IP10-CDR3 reduces the viability and induces the apoptosis of ovarian cancer cells by down-regulating the expression of BCL-2 and caspase 3

Abstract

Purpose: This study aimed to explore the effects of interferon-γ inducible protein 10 (IP10) and complementarity-determining region 3 (CDR3) of T cells receptor on ovarian cancer cells and the involved mechanisms. Methods: IP10 and CDR3 were linked with single-chain antibody (scfv) and exotoxin gene muton of Pseudomonas aeruginosa (PE40) to construct IP10-CDR3scfv and IP10-CDR3-PE40scfv. Then, we constructed pcDNA3.1-IP10-CDR3scfv and pcDNA3.1-IP10-CDR3-PE40scfv plasmids which were proved by HindIII/EcoRI digestion. SKOV3 cells and HOSEpiC cells were incubated with fluorescein isothiocyanate (FITC) labeled IP10-CDR3scfv and IP10-CDR3-PE40scfv proteins and protein levels were examined by flow cytometry.
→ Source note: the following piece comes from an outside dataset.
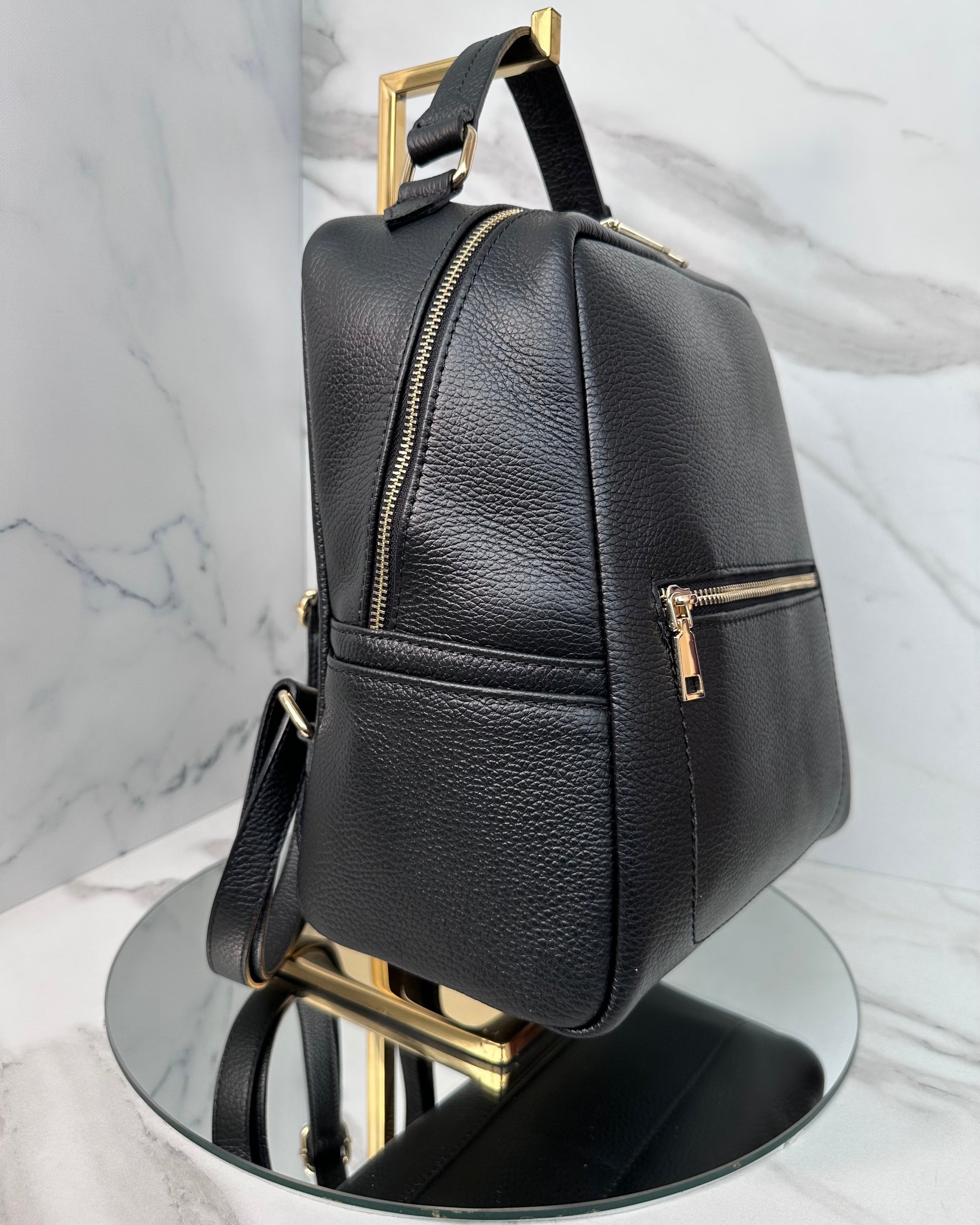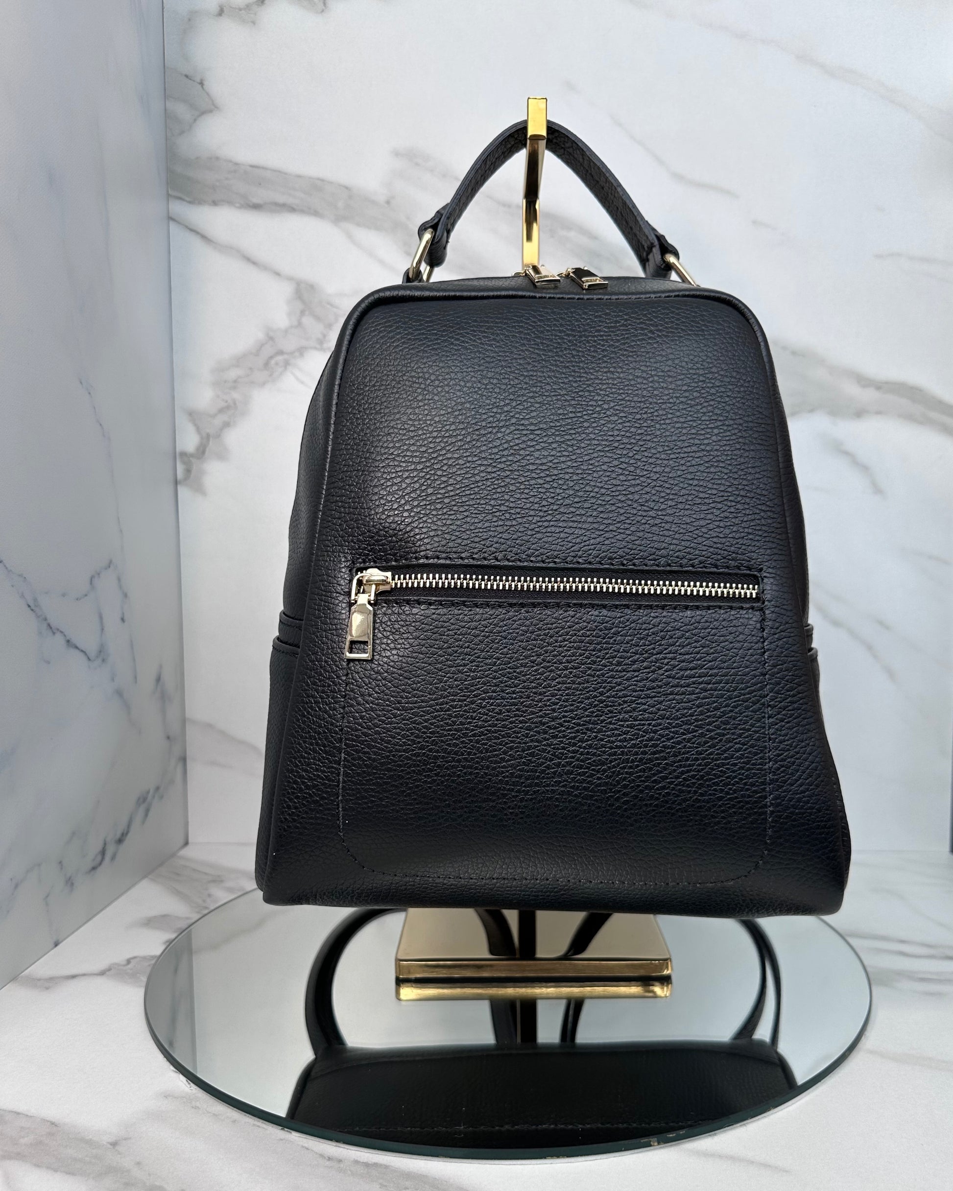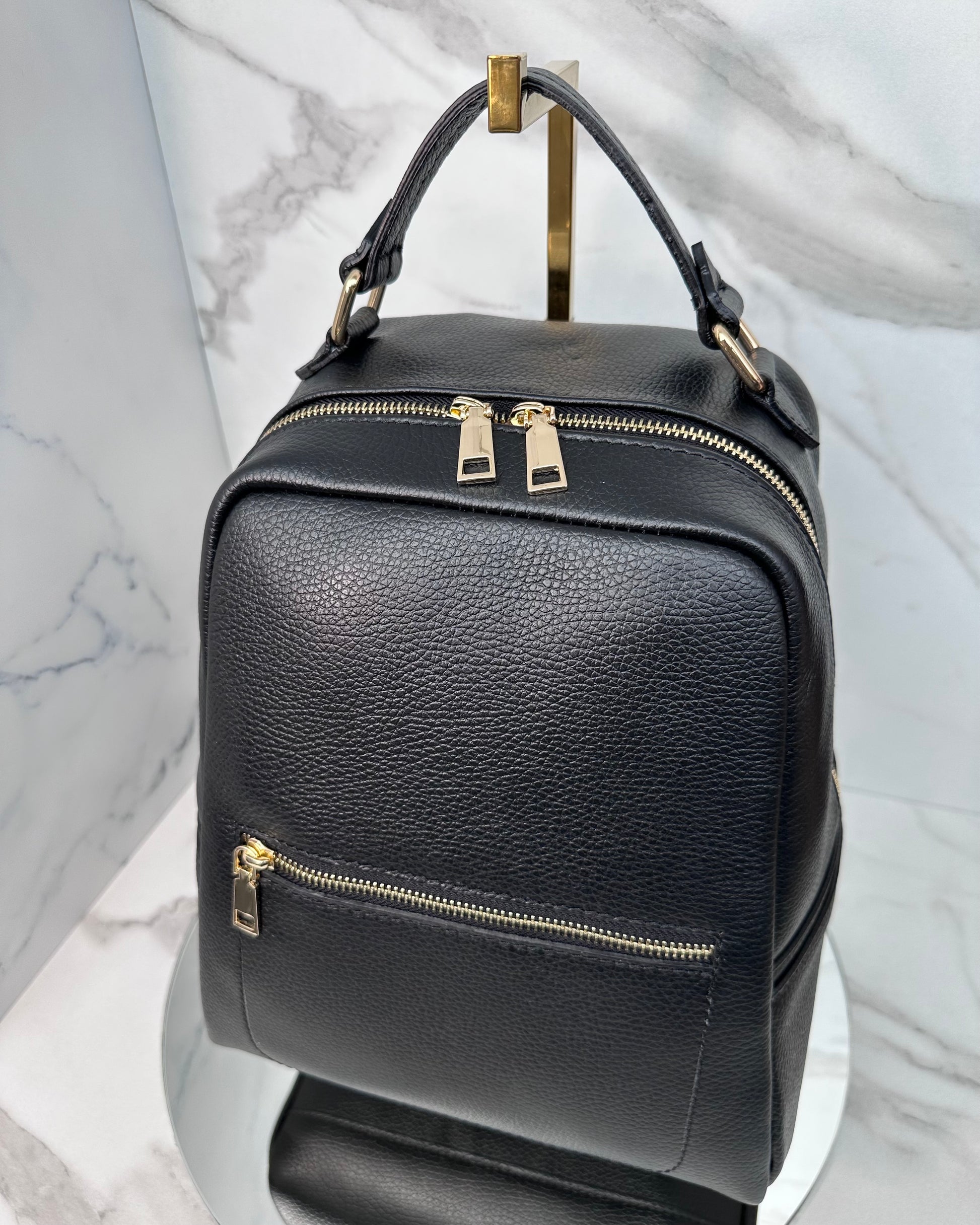 Zaino vera pelle, chiusura con zip, tasca frontale con zip. Dimensioni zaino altezza 29 cm larghezza 25 cm profondità 14 cm
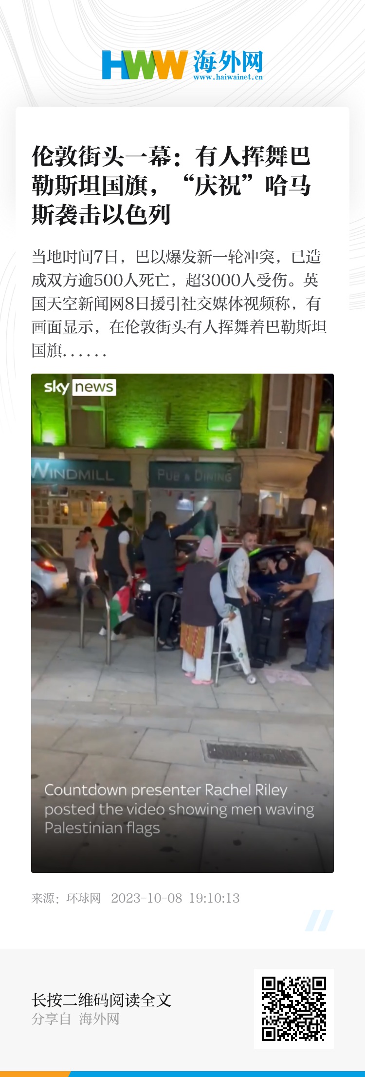 当地时间7日,巴以爆发新一轮冲突,已造成双方逾500人死亡,超3000人受伤。英国天空新闻网8日援引社交媒体视频称,有画面显示,在伦敦街头有人挥舞着巴勒斯坦国旗并跳舞,似乎是在“庆祝”巴勒斯坦伊斯兰抵抗运动(哈马斯)对以色列的打击行动。

After gene transfection, SKOV3 cells were divided into four groups: Control, pcDNA3.1(+) negative control (NC) (pcDNA3.1(+) NC transfection), IP10-CDR3scfv (IP10-CDR3scfv transfection) and IP10-CDR3-PE40scfv (IP10-CDR3-PE40scfv transfection).LevelsofIP10,CDR3,Caspase-3,cleaved Caspase-3 and Bcl-2 were determined by RT-PCR and Western blot. Cell viability and apoptosis were investigated by CCK-8 assay and Annexin V-FITC/PI assay, respectively. Results: The levels of FITC-labeled IP10-CDR3scfv and IP10-CDR3-PE40scfv proteins in the SKOV3+IP10-CDR3scfv group and the SKOV3+IP10-CDR3-PE40scfv group were remarkably higher than that in the SKOV3 group (P<0.05). So was the HOSEpiC related groups. There was no obvious difference in the levels of IP10, CDR3, Caspase-3, cleaved Caspase-3 and Bcl-2 between the control group and the pcDNA3.1(+) NC group. However, compared with the control group, the levels of Caspase-3 and Bcl-2 were reduced notably and the levels of IP10, CDR3 and cleaved Caspase-3 were elevated sharply in the IP10-CDR3scfv and IP10-CDR3-PE40scfv groups (P<0.05). The control group and the pcDNA3.1 (+) NC group demonstrated similar cell viability and apoptosis. However, compared with the control group, cell viability in the IP10-CDR3scfv and IP10-CDR3-PE40scfv groups decreased significantly and cell apoptosis increased (P<0.05). Conclusion: IP10-CDR3 could reduce the viability and induce the apoptosis of ovarian cancer cells by down-regulating the expression of Bcl-2 and Caspase-3.